● What to do
Copy the records below in full and leave every image out of the copy.

● Entries shown
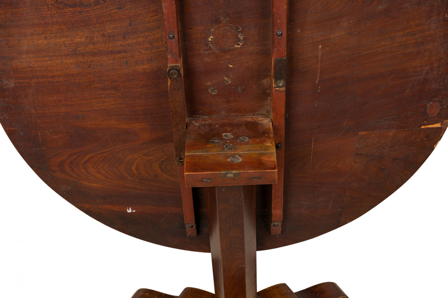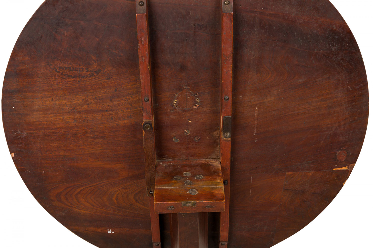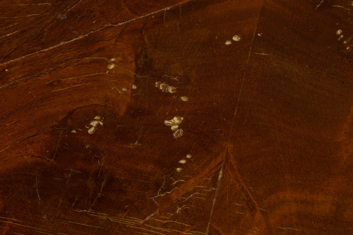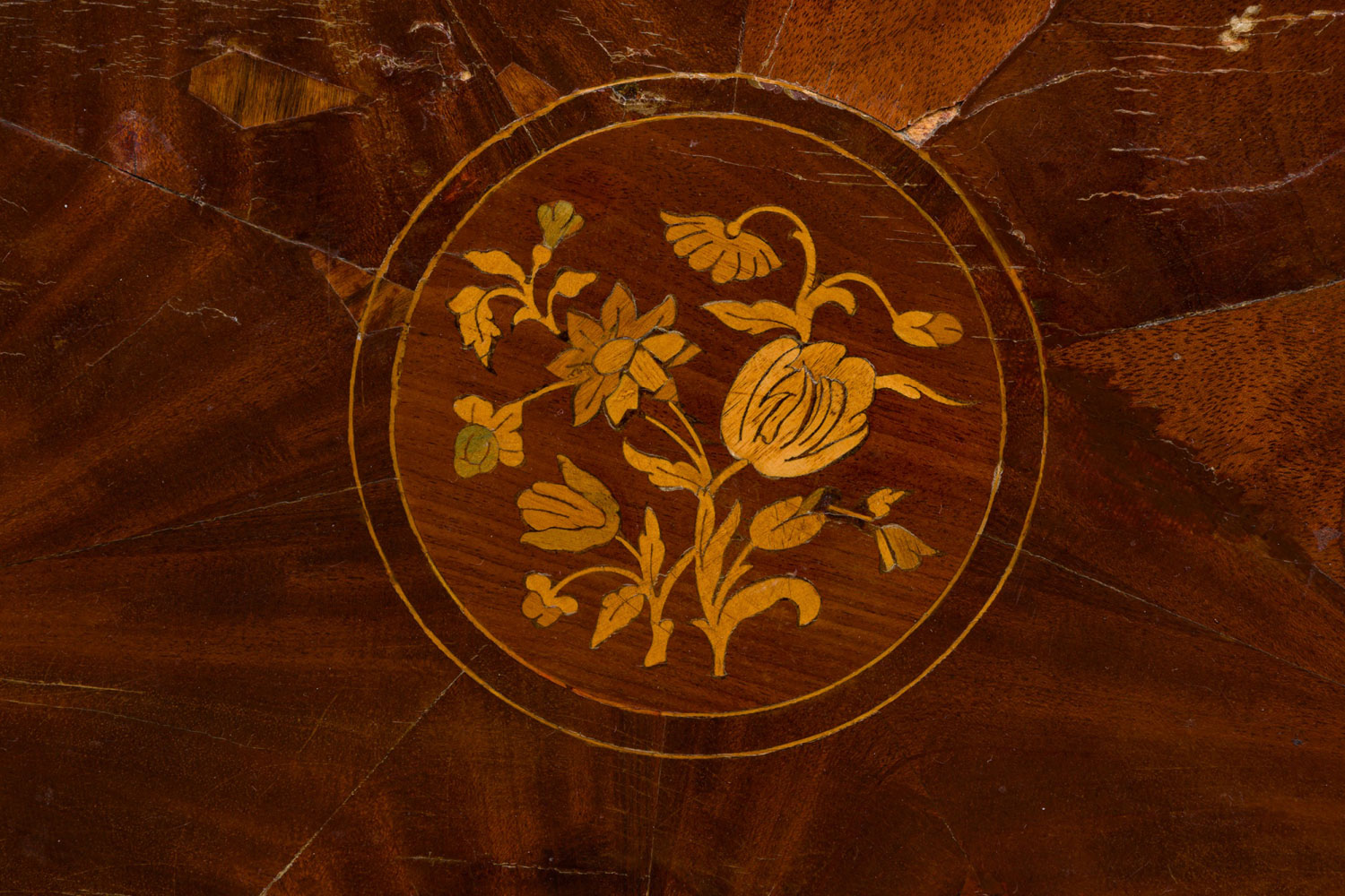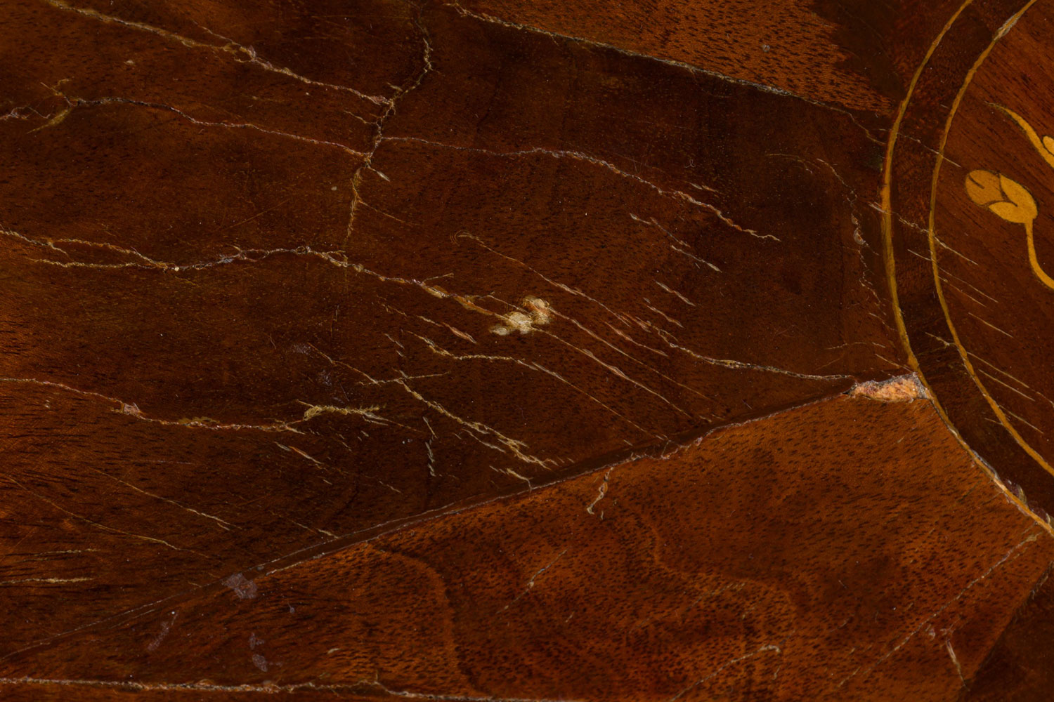 Style: Continental Materials & Techniques: Inlaid, mahogany, veneer, wood Category: Tables Condition: Veneer buckling, scratches and losses to table top.
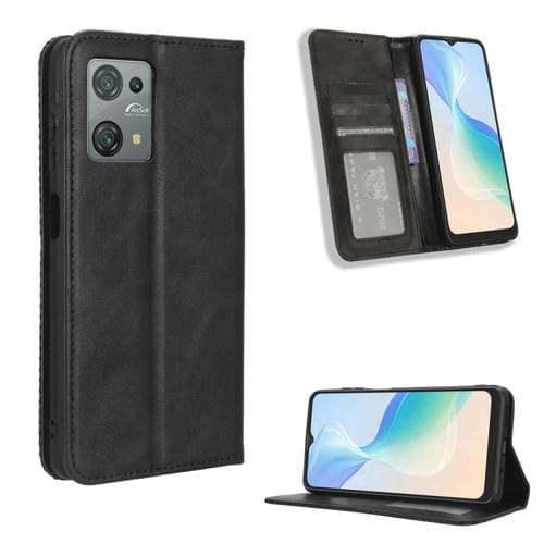 Funda de Cuero para BlackView Oscal C30 / C30 Pro con Hebilla Magnética y Textura Retro (Negro)
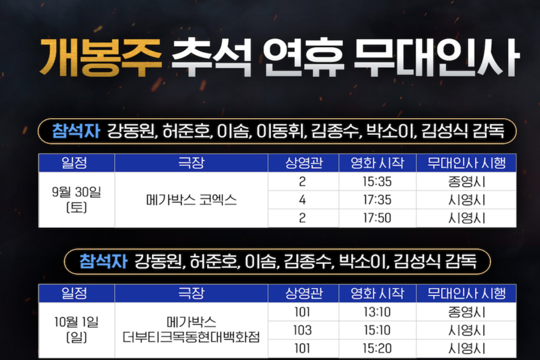 | 가문의 영광: 리턴즈 무대인사, 줄거리, 예고편 정리 (0) | 2023.09.21 |
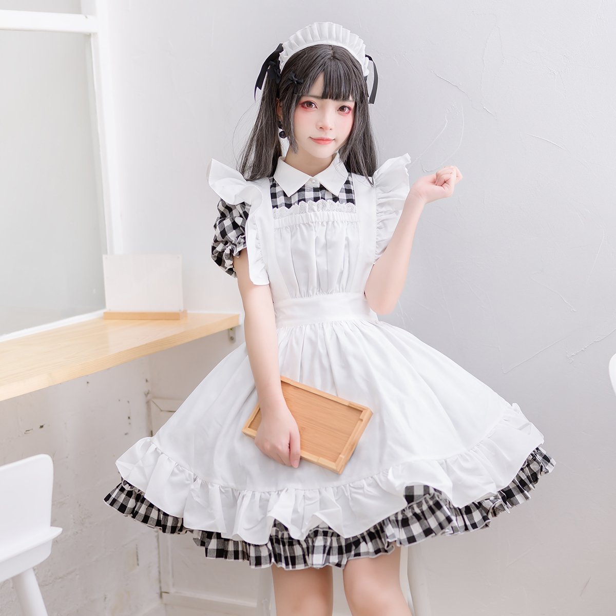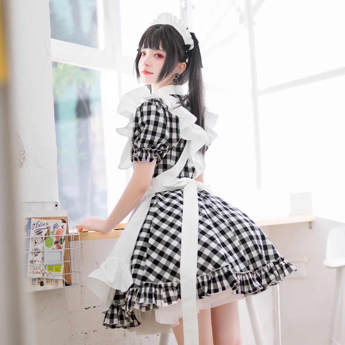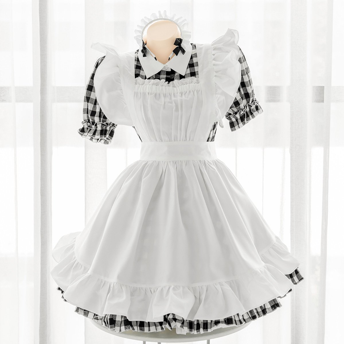 Cute Monochrom Gray Checkers Maid Uniform SS2091
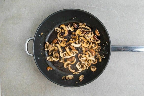 Die Pilze mit der Sojasauce ablöschen und weitere 1–2Min. braten, bis die Flüssigkeit verdampft ist.
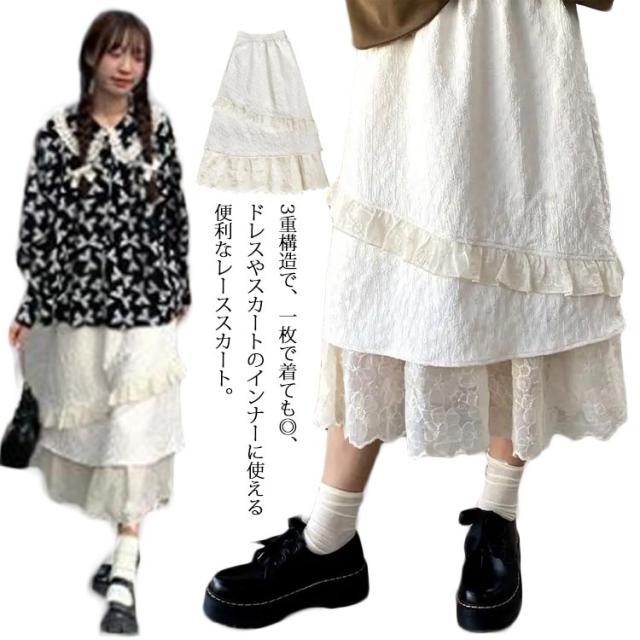 ペチスカート ロング丈 春夏 インナー 見せ 裾 ナチュラル レース 【送料無料】スカート 刺? ペチコート 女の子 ガーリー 白 ゆったり 重ね着 メロウ 20代 30代 40代 50代 裏地付き 大人
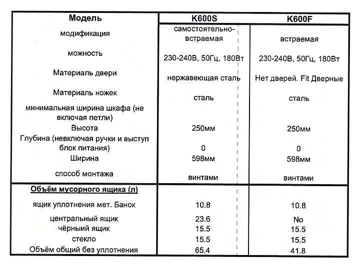 Krüshr К600 - это наиболее комплексное решение для утилизации отходов дома с мусорным контейнером более чем 65 литров (до уплотнения) и 4 отдельными отсеками для размещения различных отходов и вторичноrо сырья. Практичный, эффективный и аккуратный метод сортировки, уплотнения и хранения отходов в домашних условиях. Основные характеристики:
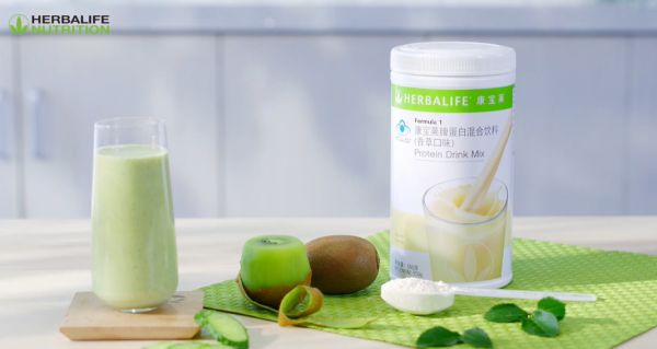 首先將黃瓜和奇異果去皮切片后放入攪拌機,接著將脫脂牛奶倒入攪拌機,放入康寶萊蛋白混合飲料(香草口味),低速攪拌2-3分鐘,將攪拌好的奶昔倒入杯中后,就可以享受美味啦!
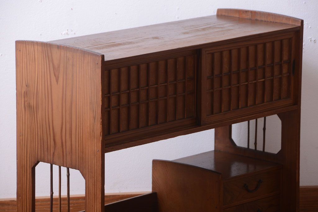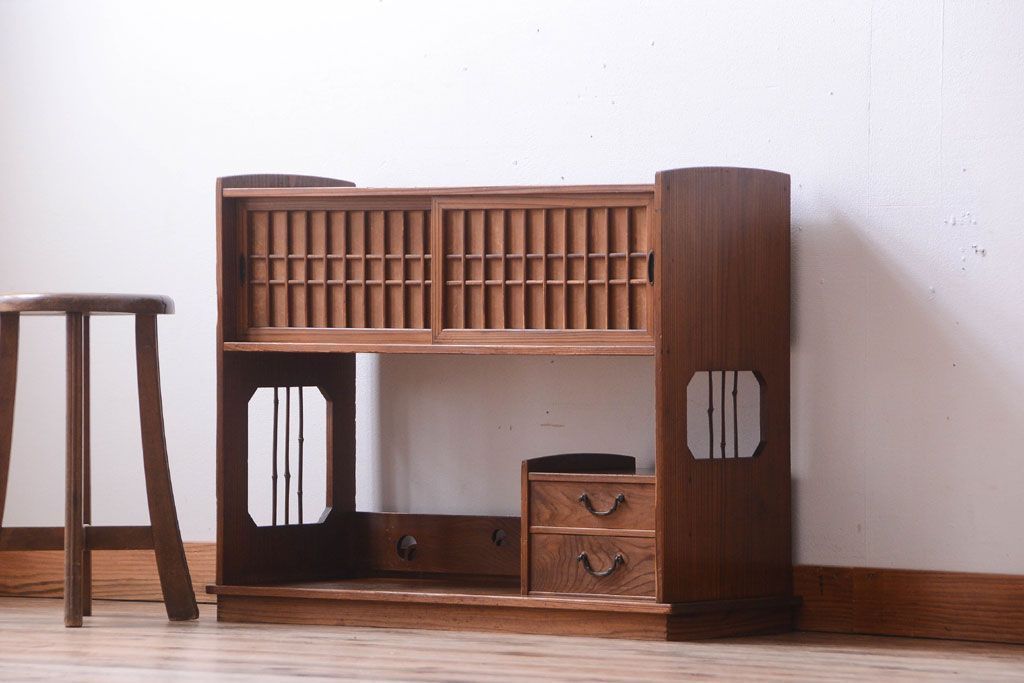 アンティーク家具 古民具・骨董 高級杉材の小ぶりな茶棚(茶箪笥)
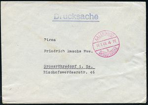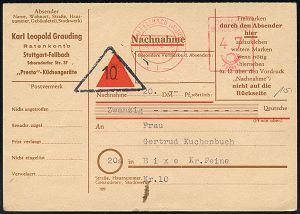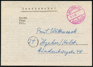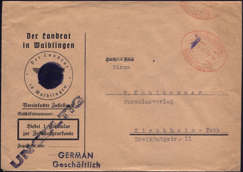3916 | 18 € | POSTLEITRAUM 7000 (OHNE STUTTGART) : WAIBLINGEN/ Gebühr bezahlt 1945 (15.9.) Doppel-Oval-PFS + Paraphe, entnazifierter Dienst-Bf.: Der Landrat.. Vereinfachte Zustellung (NS-Adler geschwärzt) + viol. 1L: UNGÜLTIG (Dü.20) | ![]() | |
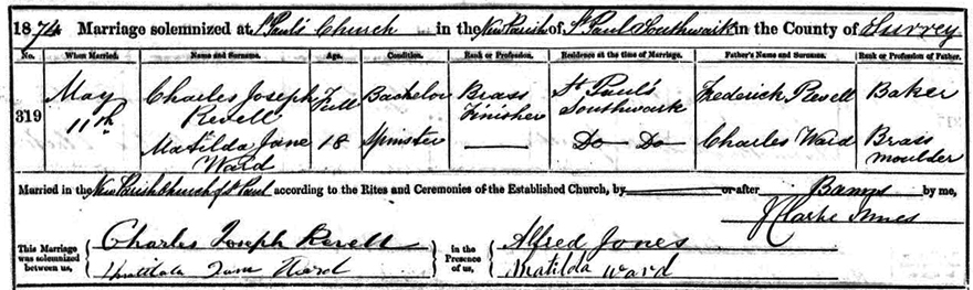 Revell who married 11th May 1874 at St Pauls Southwark.
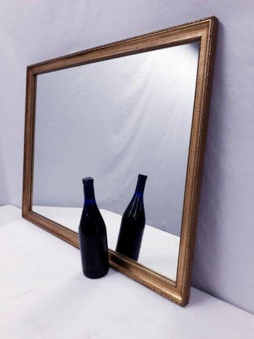This fantastic wall mounted mirror with a goldish wood frame measures 3cm x 86cm x 66high. The mirror is in good condition with minimal wear and tear on the frame as shown in the pics. The brackets are placed for the length of the mirror but one could have it both ways. Please view the pics carefully to fully appreciate this awesome framed wall mirror and to confirm the condition as they form part of the description
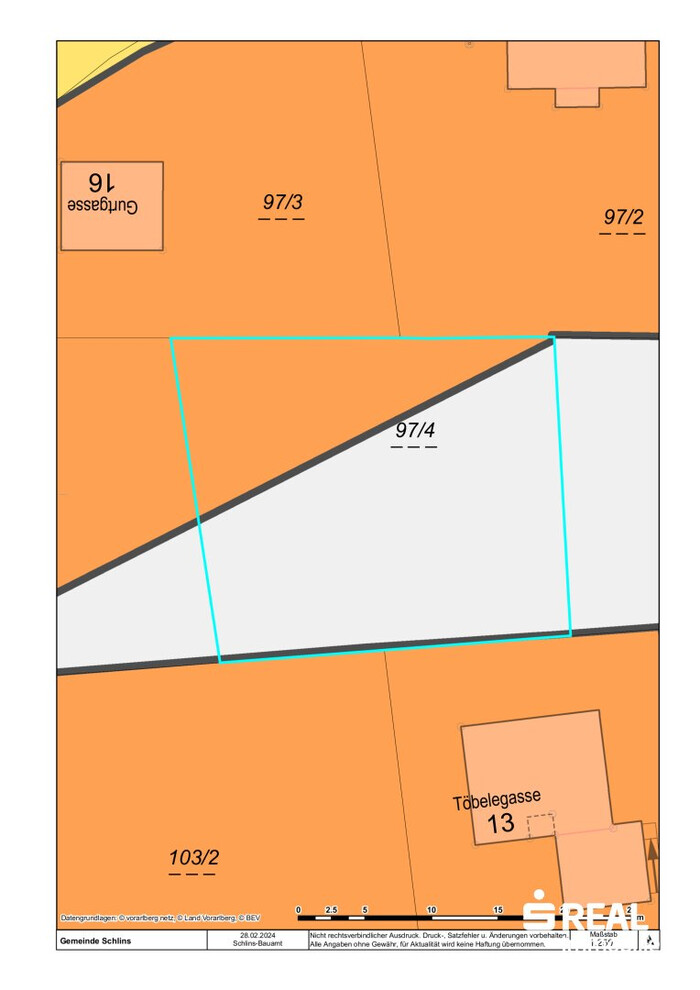 Die Gemeinde Schlins beabsichtigt, die nicht gewidmete Teilfläche als Baufläche-Wohngebiet zu widmen. Gemäß REK Schlins liegt die betroffene Parzelle innerhalb dem festgelegten Siedlungsrand. (Baugebiet BW6 - steile Hanglage von oben erschlossen).

● Result of this exercise
 Style: Continental Materials & Techniques: Inlaid, mahogany, veneer, wood Category: Tables Condition: Veneer buckling, scratches and losses to table top.
 Funda de Cuero para BlackView Oscal C30 / C30 Pro con Hebilla Magnética y Textura Retro (Negro)
 | 가문의 영광: 리턴즈 무대인사, 줄거리, 예고편 정리 (0) | 2023.09.21 |
 Cute Monochrom Gray Checkers Maid Uniform SS2091
 Die Pilze mit der Sojasauce ablöschen und weitere 1–2Min. braten, bis die Flüssigkeit verdampft ist.
 ペチスカート ロング丈 春夏 インナー 見せ 裾 ナチュラル レース 【送料無料】スカート 刺? ペチコート 女の子 ガーリー 白 ゆったり 重ね着 メロウ 20代 30代 40代 50代 裏地付き 大人
 Krüshr К600 - это наиболее комплексное решение для утилизации отходов дома с мусорным контейнером более чем 65 литров (до уплотнения) и 4 отдельными отсеками для размещения различных отходов и вторичноrо сырья. Практичный, эффективный и аккуратный метод сортировки, уплотнения и хранения отходов в домашних условиях. Основные характеристики:
 首先將黃瓜和奇異果去皮切片后放入攪拌機,接著將脫脂牛奶倒入攪拌機,放入康寶萊蛋白混合飲料(香草口味),低速攪拌2-3分鐘,將攪拌好的奶昔倒入杯中后,就可以享受美味啦!
 アンティーク家具 古民具・骨董 高級杉材の小ぶりな茶棚(茶箪笥)
3916 | 18 € | POSTLEITRAUM 7000 (OHNE STUTTGART) : WAIBLINGEN/ Gebühr bezahlt 1945 (15.9.) Doppel-Oval-PFS + Paraphe, entnazifierter Dienst-Bf.: Der Landrat.. Vereinfachte Zustellung (NS-Adler geschwärzt) + viol. 1L: UNGÜLTIG (Dü.20) | ![]() | |
 Revell who married 11th May 1874 at St Pauls Southwark.
This fantastic wall mounted mirror with a goldish wood frame measures 3cm x 86cm x 66high. The mirror is in good condition with minimal wear and tear on the frame as shown in the pics. The brackets are placed for the length of the mirror but one could have it both ways. Please view the pics carefully to fully appreciate this awesome framed wall mirror and to confirm the condition as they form part of the description
 Die Gemeinde Schlins beabsichtigt, die nicht gewidmete Teilfläche als Baufläche-Wohngebiet zu widmen. Gemäß REK Schlins liegt die betroffene Parzelle innerhalb dem festgelegten Siedlungsrand. (Baugebiet BW6 - steile Hanglage von oben erschlossen).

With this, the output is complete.